What makes this ecosystem so appealing is the combination of a production‑ready framework (Spring AI) and a highly pragmatic, example‑driven guide (Spring AI in Action by Craig Walls). Together they show how to wire AI models, vector databases, conversational memory and evaluation tools into familiar Spring Boot apps using simple POJOs, auto‑configuration and a clean, portable API that hides a lot of provider‑specific complexity.

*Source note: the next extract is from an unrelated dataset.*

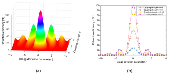 Figure 2b shows the curves of hologram diffraction efficiency with varying Bragg deviation parameter
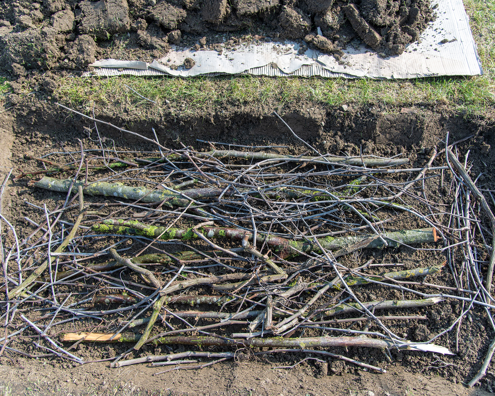 Lägg stockar och grenar i diket i en hög som är cirka 31 cm hög. Fukta träet ordentligt. Lägg sedan övervänd torv, tång, gräsklipp, gödsel, halm, löv eller kompost över stockarna och stapla detta material 10–15 cm högt.

What is Spring AI and why it matters for Java developers

Spring AI is an application framework designed to bring the classic Spring principles—portability, modular architecture and POJO‑centric design—into the AI engineering world. At its heart, Spring AI focuses on solving the hardest practical problem in enterprise AI: connecting your organization’s data and APIs with modern AI models in a way that is maintainable, observable and easy to evolve over time.

Instead of locking you into a single LLM vendor, Spring AI abstracts over most of the big providers. Out of the box, you can talk to models from OpenAI, Azure OpenAI, Anthropic, Amazon Bedrock, Google, MistralAI and even local models served via Ollama. The same programming model supports both synchronous and streaming responses, and you still retain access to provider‑specific capabilities when you really need them.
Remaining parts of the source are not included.